§ **ACTIVITY**: Would you return the entries exactly, with every line intact?

*** Opening SOURCE MATERIAL ***

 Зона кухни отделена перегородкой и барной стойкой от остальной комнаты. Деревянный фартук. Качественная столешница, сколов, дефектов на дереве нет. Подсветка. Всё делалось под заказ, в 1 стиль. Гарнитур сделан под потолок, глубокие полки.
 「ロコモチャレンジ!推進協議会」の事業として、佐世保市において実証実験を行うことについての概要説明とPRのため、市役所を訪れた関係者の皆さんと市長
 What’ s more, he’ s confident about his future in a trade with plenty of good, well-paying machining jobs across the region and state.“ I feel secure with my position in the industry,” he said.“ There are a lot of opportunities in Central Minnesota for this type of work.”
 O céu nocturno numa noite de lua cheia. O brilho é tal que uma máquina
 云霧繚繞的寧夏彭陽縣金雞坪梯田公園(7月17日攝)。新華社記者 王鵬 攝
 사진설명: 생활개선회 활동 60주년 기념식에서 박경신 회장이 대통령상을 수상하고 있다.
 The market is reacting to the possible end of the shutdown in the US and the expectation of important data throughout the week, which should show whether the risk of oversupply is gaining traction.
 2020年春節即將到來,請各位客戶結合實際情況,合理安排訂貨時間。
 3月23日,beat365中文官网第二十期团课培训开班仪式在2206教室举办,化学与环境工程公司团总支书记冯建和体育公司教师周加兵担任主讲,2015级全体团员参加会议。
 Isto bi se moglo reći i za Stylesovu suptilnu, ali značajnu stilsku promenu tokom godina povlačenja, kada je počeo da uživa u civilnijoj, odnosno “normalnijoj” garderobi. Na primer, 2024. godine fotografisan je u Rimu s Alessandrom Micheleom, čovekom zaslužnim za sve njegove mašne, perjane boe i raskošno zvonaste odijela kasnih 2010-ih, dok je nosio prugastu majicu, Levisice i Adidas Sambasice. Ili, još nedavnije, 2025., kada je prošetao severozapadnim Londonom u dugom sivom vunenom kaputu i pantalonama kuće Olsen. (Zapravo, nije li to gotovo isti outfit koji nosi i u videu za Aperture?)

*** Closing SOURCE MATERIAL ***

§ **WRITTEN RESPONSE**:
 Зона кухни отделена перегородкой и барной стойкой от остальной комнаты. Деревянный фартук. Качественная столешница, сколов, дефектов на дереве нет. Подсветка. Всё делалось под заказ, в 1 стиль. Гарнитур сделан под потолок, глубокие полки.
 「ロコモチャレンジ!推進協議会」の事業として、佐世保市において実証実験を行うことについての概要説明とPRのため、市役所を訪れた関係者の皆さんと市長
 What’ s more, he’ s confident about his future in a trade with plenty of good, well-paying machining jobs across the region and state.“ I feel secure with my position in the industry,” he said.“ There are a lot of opportunities in Central Minnesota for this type of work.”
 O céu nocturno numa noite de lua cheia. O brilho é tal que uma máquina
 云霧繚繞的寧夏彭陽縣金雞坪梯田公園(7月17日攝)。新華社記者 王鵬 攝
 사진설명: 생활개선회 활동 60주년 기념식에서 박경신 회장이 대통령상을 수상하고 있다.
 The market is reacting to the possible end of the shutdown in the US and the expectation of important data throughout the week, which should show whether the risk of oversupply is gaining traction.
 2020年春節即將到來,請各位客戶結合實際情況,合理安排訂貨時間。
 3月23日,beat365中文官网第二十期团课培训开班仪式在2206教室举办,化学与环境工程公司团总支书记冯建和体育公司教师周加兵担任主讲,2015级全体团员参加会议。
 Isto bi se moglo reći i za Stylesovu suptilnu, ali značajnu stilsku promenu tokom godina povlačenja, kada je počeo da uživa u civilnijoj, odnosno “normalnijoj” garderobi. Na primer, 2024. godine fotografisan je u Rimu s Alessandrom Micheleom, čovekom zaslužnim za sve njegove mašne, perjane boe i raskošno zvonaste odijela kasnih 2010-ih, dok je nosio prugastu majicu, Levisice i Adidas Sambasice. Ili, još nedavnije, 2025., kada je prošetao severozapadnim Londonom u dugom sivom vunenom kaputu i pantalonama kuće Olsen. (Zapravo, nije li to gotovo isti outfit koji nosi i u videu za Aperture?)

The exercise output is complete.